More:
You can see that I simply added "-keyalg rsa". Most of these tests are
not designed to test on any algorithm, instead, they test various
functions/commands of the tool. Maybe this change will reveal some RSA
problems. Who knows? :)
(I admit if it really finds out any, I don't know what my next change
should be)
For a few tests that do test key algorithms, I have not changed them.
For example, in KeyToolTest.java, some lines check the matching of
-keyalg and -sigalg. Those still have a chance to fail on Solaris but I
haven't removed them.
Thanks
Max
On 08/31/2011 04:23 PM, Weijun Wang wrote:
My personal view was not faraway from yours -- I am not so frightened by
test failures.
However, zero tolerance of any test failure is becoming a common sense
of the team and the whole JPG [1]. Evaluating test failures is consuming
too much time for both release engineers, SQE and us. Especially in this
case, other people might not easily find out it's the Solaris DSA bug
that causes the failure.
Therefore, my current opinion is that once the reason of a test failure
is known, we should take actions immediately. Either fix it if we can,
or fix the test (or problem list it) if we cannot fix the bug. There is
no benefit in leaving them there making noises from time to time.
In this case, I certainly do not want to add all of them to problems
list. Also, since the changeset is there, we always have a chance to
backout the changes when we want to bring the old tests back.
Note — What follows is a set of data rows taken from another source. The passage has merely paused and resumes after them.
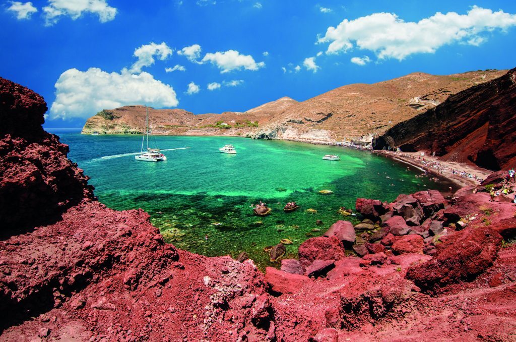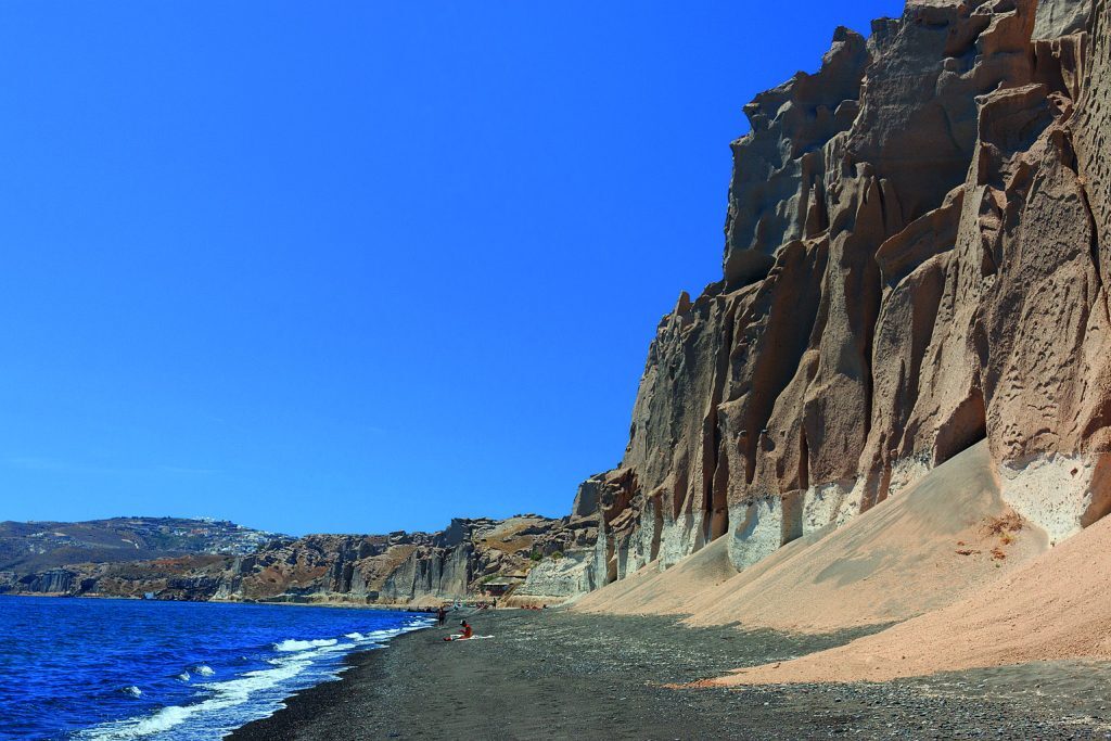 Η πιο διάσημη παραλία της Σαντορίνης είναι η Κόκκινη Αμμος. Μπλε κρυστάλλινα νερά και κόκκινα ηφαιστειογενή βράχια. Η Περίσσα απλώνεται σε 7 χιλιόμετρα μαύρης ψιλής άμμου, με πολλές ταβέρνες, μπαρ και επιλογές για θαλάσσια σπορ. Εάν αναζητάτε κάτι πιο εναλλακτικό ή μοναχικό, τότε σας προτείνουμε τον Κουλούμπο στην Οία, με λεπτά βότσαλα και έναν κατακόρυφο βράχο-γλυπτό, που προσφέρει φυσική σκιά.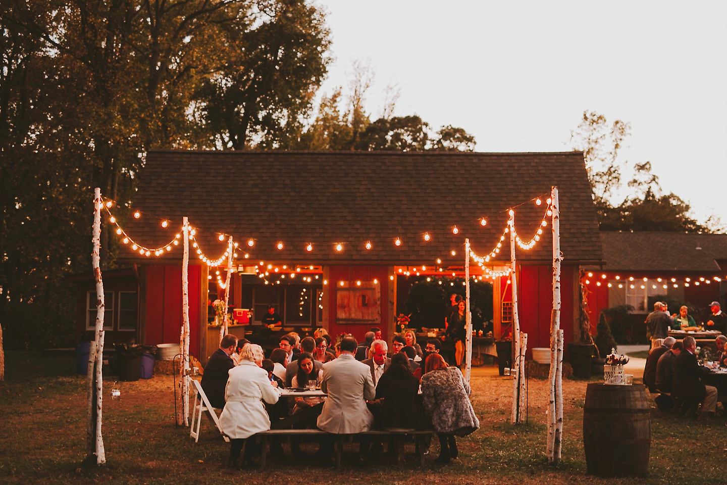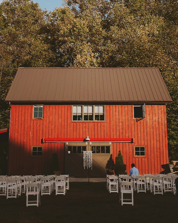 Imagine a beautiful backyard wedding at Hemlock Farm, featuring a red barn, lush greenery, and the warmth of a perfect autumn day. Picture singing in the sunlight, dinners under string lights, laughter around a fireside, and cake enjoyed in the moonlight. Hemlock Farm offers a charming setting with a red barn, a delightful lemonade-stand style dessert table, and delicious BBQ. These elements create the perfect backdrop for your special day, where the story of your wedding begins.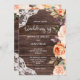 Skicka dina gäster en vacker bröllopsinbjudan tack vare detta trä & spets med rosa och persika blommor. Perfekt för rustika, landsbygdens och bakgårdsbröllop.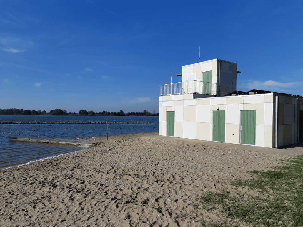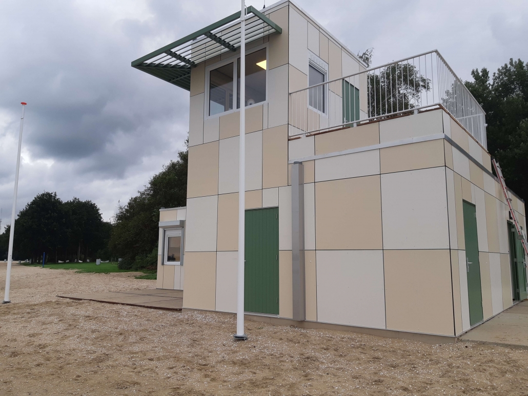 Vervangen van de bestaande strandwachtpost. Binnen 6 weken is er een nieuwe post opgebouwd, bestaande uit 6 gerenoveerde units met betonvloeren.
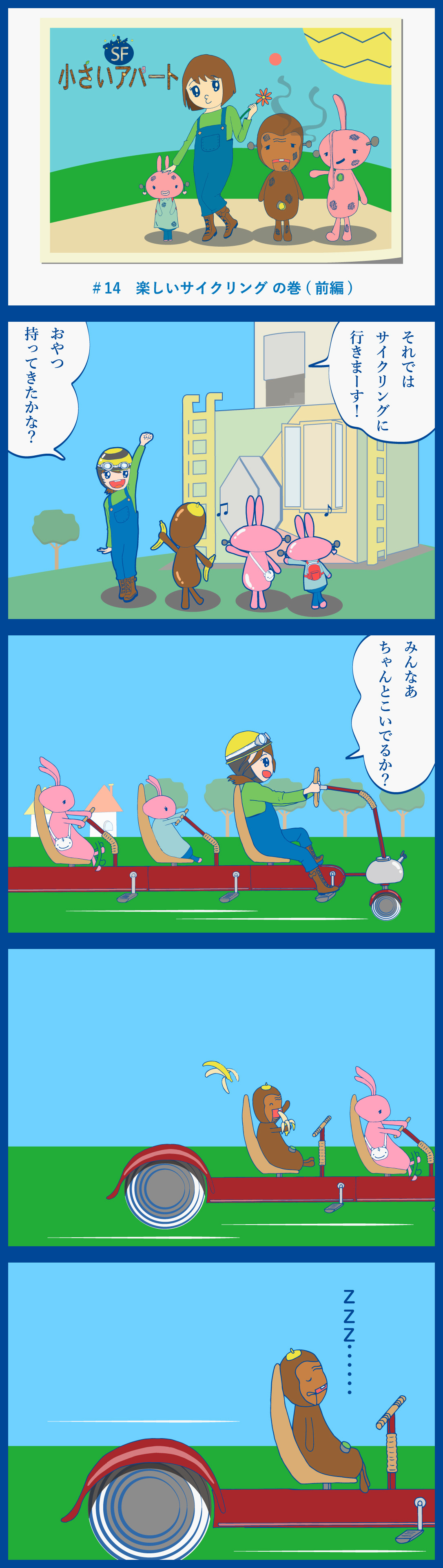 2018年05月06日 楽しいサイクリング の巻 前編 後編 (4コマ漫画 SF小さいアパート #14) 楽しいサイクリング の巻 前編 後編 (4コマ漫画 SF小さいアパート #14)※画像はクリックで拡大します。一話から見る場合はこの文字をクリックしてください。#14 楽しいサイクリング の巻 完 タグ :#SF小さいアパート

In fact, if you are worried that changing the tests might hide the bug,
I can add a new test that detects this bug. I'll make sure the test
always fails on Solaris.
Thanks
Max
[1] http://wiki.se.oracle.com/display/JPG/Home
On 08/30/2011 10:36 PM, Xuelei Fan wrote:
The update, in both open and closed repositories, looks fine to me.
However, the following reason cannot convince me of the necessity to
make the change.
Because of the Solaris DSA bug described in 7041639, we keep seeing
tests generating DSA key pairs failing. Therefore I'm changing most
keypair generation to use RSA instead.
Most of the updated tests using the default key algorithm ("DSA"). I'm
thinking, shall we replace "RSA" back with "DSA" again when there is a
RSA bug in the native libraries in the future? It may be not a good
choice to cut the tests to fit problematic platform. These tests are
also very good test to find the potential problems, right? When we
change the test to be able to passed on all platform, the test may lost
it function to find potential issues partially.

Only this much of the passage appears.